I see this phenomenon so often in the realm of fintech. Everyone wants to revolutionize the future of finances and use money as a medium to uplift and empower communities. I believe in this, too. However, I also think that changing the front end of economic interactions is vastly insufficient. So what if we all carry crypto wallets instead of hard cash? Inequality persists even under the guise of a much cooler UI. This is the danger for designers and entrepreneurs: changing how something looks, or the words we use to describe it, doesn’t change how it fundamentally operates.
“Sometimes I wonder whether these various forms of giving back have become to our era what the papal indulgence was in the middle ages, a relatively inexpensive way of getting oneself seemingly in the right side of justice without having to alter the fundamental of a long life.” Anand Giridharadas
Hitting Home
“We don’t acknowledge the complexity of our darkness,” says Giridharadas. How painful to discover the truth of this! Just because I travel the world and gain a global perspective on the world’s problems does not lessen the hurt I inflict on my environment.
I am slowly awakening to the risk of too much positivity and self-belief. I find it ironic that my generation suffers a great deal from mental health issues, yet at the same time, at every turn, we’re suffocated with affirmation that we’re the answer to the world’s problems. In the circles that I operate in, the sentiment is almost nauseating. As long as you fit a certain type (young, educated, privileged), you gain an automatic exemption from more rigorous scrutiny. My biggest disappointment with my circumstances is that I don’t get morally challenged nearly enough, and because I am constrained by moving from place to place on a constant basis, I’m never called to any long-term action towards justice.
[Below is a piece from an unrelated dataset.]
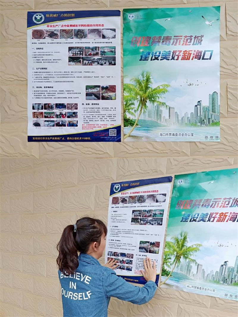 ⬆️禁毒志愿者在企業(yè)門(mén)口粘貼創(chuàng)建全國(guó)禁毒示范城宣傳海報(bào)
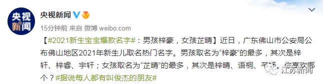 #2021新生宝宝爆款名字#的话题来了!

We cannot rely on economic language as a useful guide for how we should live together. It will leave us morally bankrupt. Giridharadas points out that “one of the surest ways to allow even well-meaning people to uphold an unjust system is through culture and vocabulary.” The language of money has become the guide we use to shape the kind of world we want to live in. At a macro level, the emphasis on job creation and real growth is shadowed by interest rates, the debt-to-GDP ratio and economic output. At an individual and community level, we measure our state of wellbeing by how much money we have in our bank account and our ability to accumulate — and express — material wealth. Our entire relationship with money is narrow, unhealthy, and fear-based. Perhaps if we shifted our focus from giving more to taking less, we’d relinquish the need to hoard, keep score and check our moral balance.